While multicultural composition of nations has become a catchword in public debates, few educators, not to speak of the general public, realize that cultural interaction was the rule throughout history. Starting with the Islam-Christian-Jewish Mediterranean world of the early modern period, this volume moves to the empires of the 18th and 19th centuries and the African Diaspora of the Black Atlantic. It ends with questioning assumptions about citizenship and underlying homogeneous "received" cultures through the analysis of the changes in various literatures. This volume clearly shows that the life-worlds of settled as well as migrant populations in the past were characterized by cultural change and exchange whether conflictual or peaceful. Societies reflected on such change in their literatures as well as in their concepts of citizenship.

Zest for Life

Author : Conner Middelmann-Whitney
Publisher : Troubador Publishing Ltd
Page : 297 pages
File Size : 50,6 Mb
Release : 2010
Category : Cooking
ISBN : 9781848765276

Get Book

Zest for Life by Conner Middelmann-Whitney Pdf

What we eat – and don’t eat – influences our chances of developing cancer. A diet rich in vegetables, fruits, fatty fish, olive oil, garlic, herbs and spices provides compounds that significantly lower our risks. Meanwhile, a typical western diet of processed meat and refined sugar and starch and unhealthy vegetable oils encourages cancer cells to grow. Many of us know about the importance of a healthy diet, but most of us need help building menus that are best for our bodies. Zest for Life, the first cancer-prevention guide based on the traditional Mediterranean diet, gives all the information and practical advice you need for a delicious diet to boost your defences.Inspired by rich and healthy culinary traditions from countries around the Mediterranean – including Italy, France, Spain, Greece, Morocco – Zest for Life celebrates the restorative powers of eating well, with an emphasis on fresh, varied ingredients, simple preparations and conviviality. This is no short-term ‘diet’ involving hunger and deprivation; Zest for Life shows how you can eat delicious, healthy food every day, year after year. The book has a 120-page science section outlining the principles of anti-cancer eating based on the latest medical research and over 160 family-friendly recipes. It addresses not only cancer patients and their carers, but also healthy individuals wishing to boost their defences. Author Conner Middelmann-Whitney’s engaging style and clear writing make this book highly accessible for people of all ages and walks of life. Pragmatic, not preachy, Conner shares her personal cancer story and suggests many simple ways in which anti-cancer eating can fit into busy schedules and tight budgets.

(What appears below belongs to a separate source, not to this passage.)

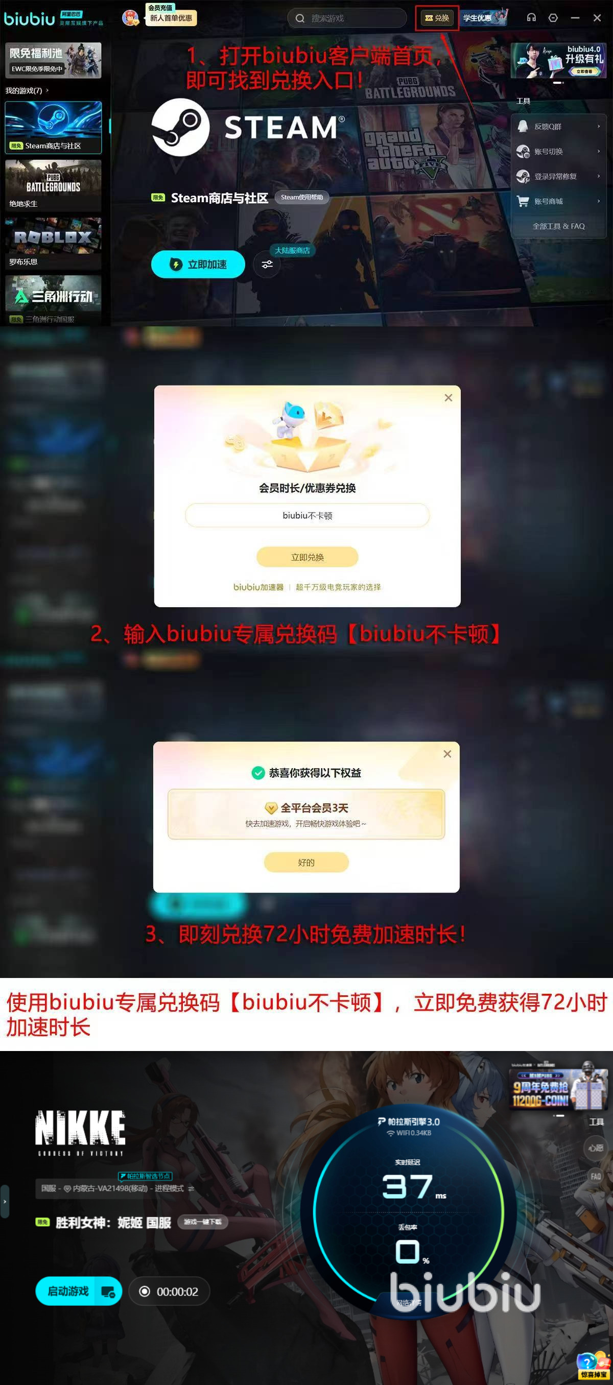 为帮助新用户快速建立稳定连接体验,biubiu加速器推出专项新人激励计划:完成注册后首日即可解锁全部功能权限,享24小时无限制加速服务;另输入专属口令【biubiu不卡顿】,还可额外获赠72小时加速时长。两项权益叠加后,新用户总计可获得96小时高质量网络加速支持,大幅缩短连接异常修复周期。

Conner is donating 25 per cent of her royalties (32 pence per book sold) to Maggie's Cancer Caring Centres, a UKregistered charity (number SC024414). “We are delighted that Zest for Life is supporting Maggie's,” said Laura Lee, chief executive of Maggie's. “We believe that everyone who is affected by cancer should be given the information and choices they need to live life with, through and beyond cancer. Zest for Life is another important tool in that process.”